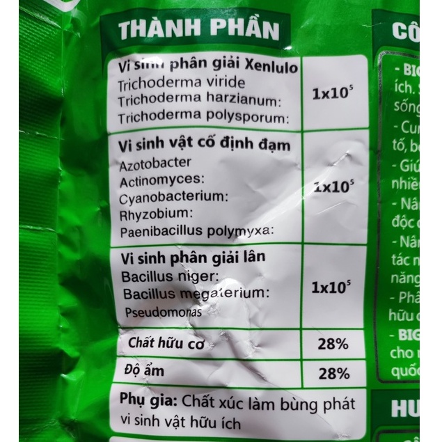 Nguyên liệu chính vi sinh đối kháng lại dịch hại, vi sinh phân hủy, vi sinh tạo sản xuất đạm – lân – hoóc môn sinh trưởng, phân gà, than sinh học, acid humic, acid fulvic.
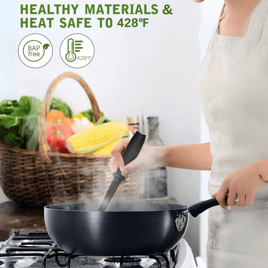 Der strapazierfähige Nylonkopf ist bis 220°C hitzebeständig und sanft zu Antihaftpfannen. Der ergonomische Griff sorgt für Komfort beim Gebrauch.
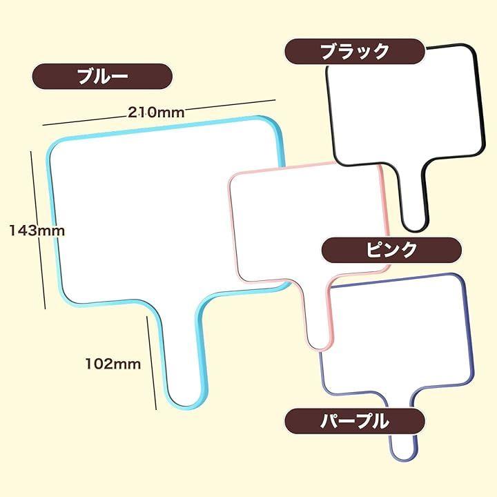 「好きなカラーが選べる.」 学校やオフィスもOK.*セット内容:ミニホワイトボードx2*カラー:ピンク,ブルー,ブラック,パープル*サイズ:210mmx143mm(ボード)/102mm(持ち手)*重さ:110g*素材:プラスチック
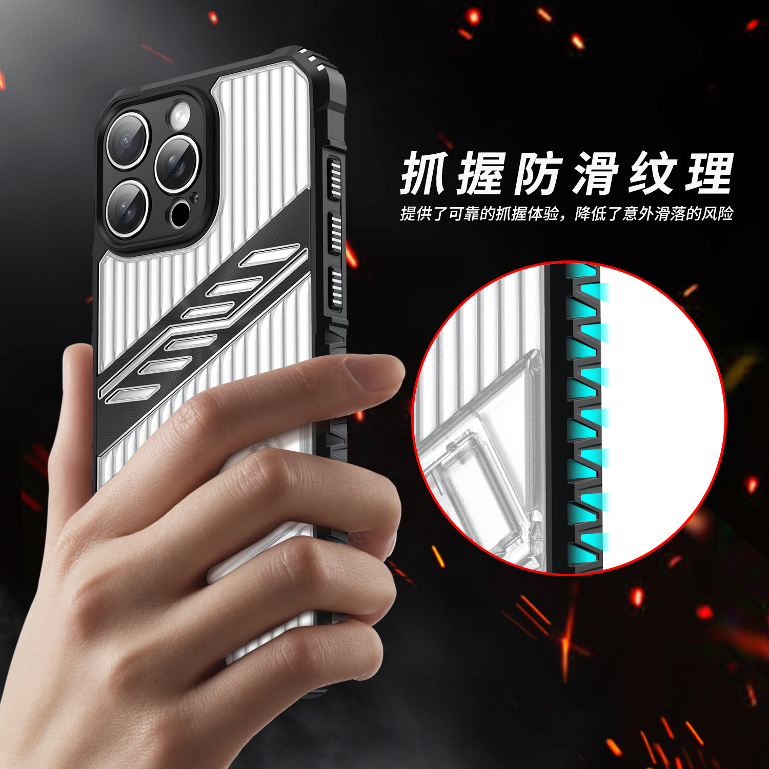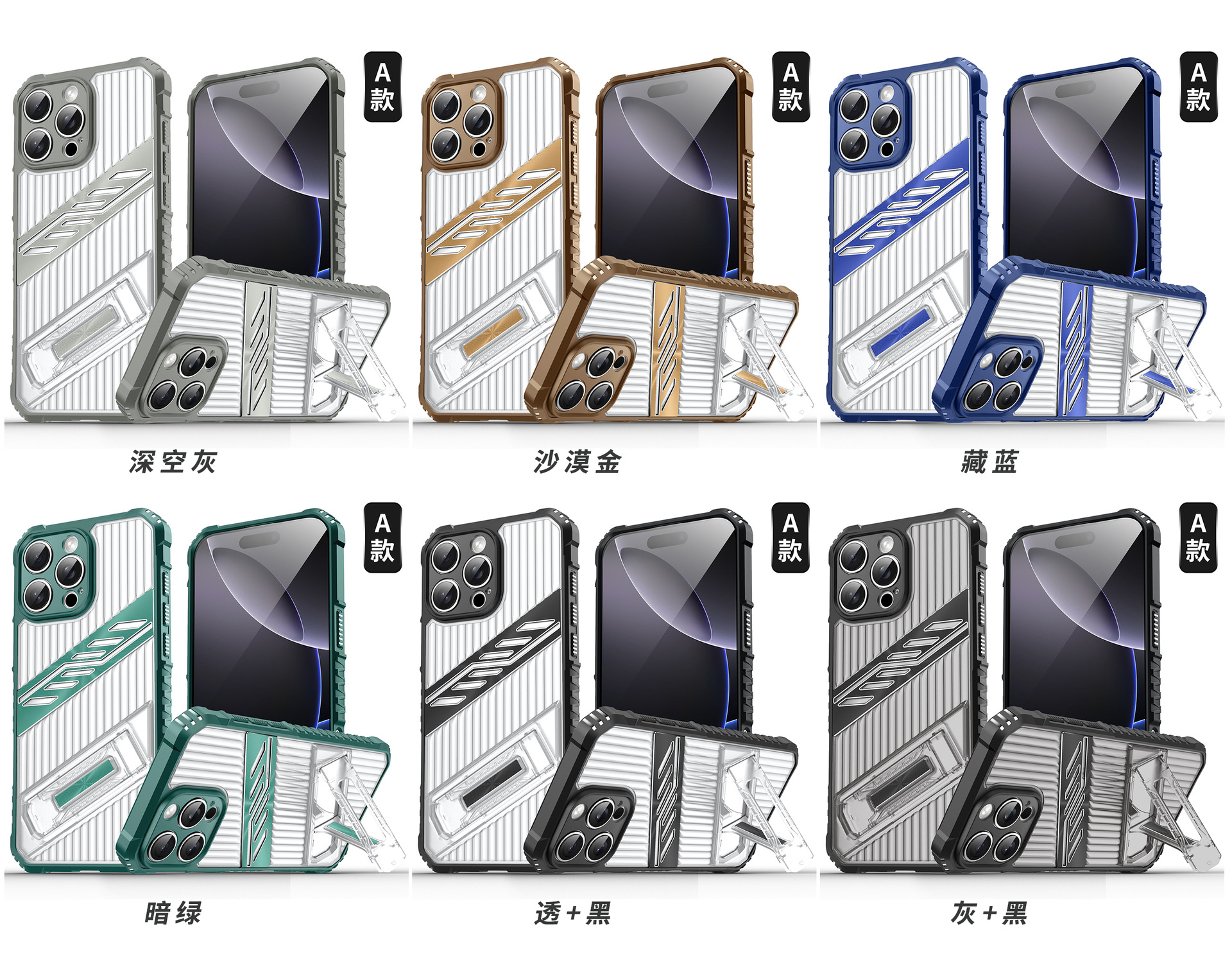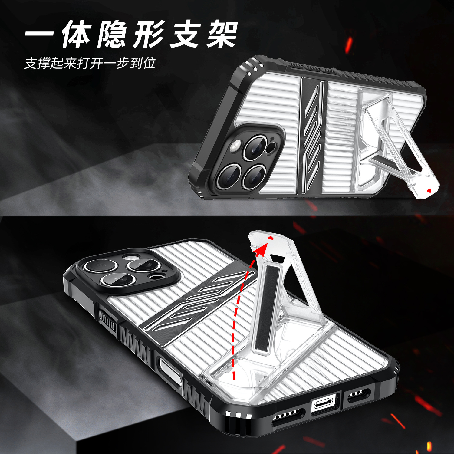 適用iPhone16ProMax戰影手機殼蘋果15Pro透明14支架防摔13保護套
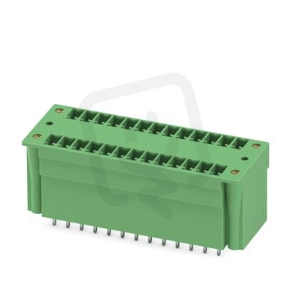 Zásuvka konektoru desky plošných spojů, jmenovitý průřez: 1,5 mm², barva: zelená, jmenovitý proud: 8 A, jmenovité napětí (III/2): 160 V, povrch kontaktů: Sn, typ kontaktu: Trn, počet potenciálů: 26, počet řad: 2, počet pólů: 13, počet přípojek: 26, řada výrobků: MCDV 1,5/..-G1F, rozteč: 3,81 mm, montáž: Vlnové pájení, pin-layout: Lineární pinning, délka pinu [P]: 3,4 mm, počet pájecích kolíků na každý potenciál: 1, systém zásuvných hlavic: COMBICON MC 1,5, Orientace tvaru konektoru: Standardní, zajištění: Šroubový zámek, způsob upevnění: Závitová příruba, způsob balení: zabaleno v krabici, U kombinace se zástrčkami MCV je vždy nutné použít zástrčku MCVW a MCVR.
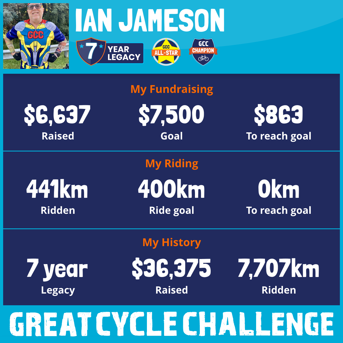 This August I am taking part for the seventh time in the Great Cycle Challenge to fight kids' cancer! In 2024 I was able to ride over 900 km for the Great Cycle Challenge and with your help I was able to raise $7,504. This year due to a fractured hip injury from a slip and fall on the black ice in my driveway in February I am hoping to be able to ride 400 km or more and raise another $7,500.
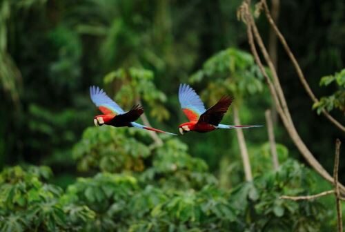 - Arara: Com sua plumagem vibrante e vocalizações altas, as araras são uma das aves mais emblemáticas de Tambopata. A reserva abriga a maior concentração de araras do mundo.
=======
-- WORK ORDER --
Output must match the lines from the start of the records above through the line that contains "This August I", exactly and with every picture removed.

-- EXERCISE SOLUTION --
 Nguyên liệu chính vi sinh đối kháng lại dịch hại, vi sinh phân hủy, vi sinh tạo sản xuất đạm – lân – hoóc môn sinh trưởng, phân gà, than sinh học, acid humic, acid fulvic.
 Der strapazierfähige Nylonkopf ist bis 220°C hitzebeständig und sanft zu Antihaftpfannen. Der ergonomische Griff sorgt für Komfort beim Gebrauch.
 「好きなカラーが選べる.」 学校やオフィスもOK.*セット内容:ミニホワイトボードx2*カラー:ピンク,ブルー,ブラック,パープル*サイズ:210mmx143mm(ボード)/102mm(持ち手)*重さ:110g*素材:プラスチック
 適用iPhone16ProMax戰影手機殼蘋果15Pro透明14支架防摔13保護套
 Zásuvka konektoru desky plošných spojů, jmenovitý průřez: 1,5 mm², barva: zelená, jmenovitý proud: 8 A, jmenovité napětí (III/2): 160 V, povrch kontaktů: Sn, typ kontaktu: Trn, počet potenciálů: 26, počet řad: 2, počet pólů: 13, počet přípojek: 26, řada výrobků: MCDV 1,5/..-G1F, rozteč: 3,81 mm, montáž: Vlnové pájení, pin-layout: Lineární pinning, délka pinu [P]: 3,4 mm, počet pájecích kolíků na každý potenciál: 1, systém zásuvných hlavic: COMBICON MC 1,5, Orientace tvaru konektoru: Standardní, zajištění: Šroubový zámek, způsob upevnění: Závitová příruba, způsob balení: zabaleno v krabici, U kombinace se zástrčkami MCV je vždy nutné použít zástrčku MCVW a MCVR.
 This August I am taking part for the seventh time in the Great Cycle Challenge to fight kids' cancer! In 2024 I was able to ride over 900 km for the Great Cycle Challenge and with your help I was able to raise $7,504. This year due to a fractured hip injury from a slip and fall on the black ice in my driveway in February I am hoping to be able to ride 400 km or more and raise another $7,500.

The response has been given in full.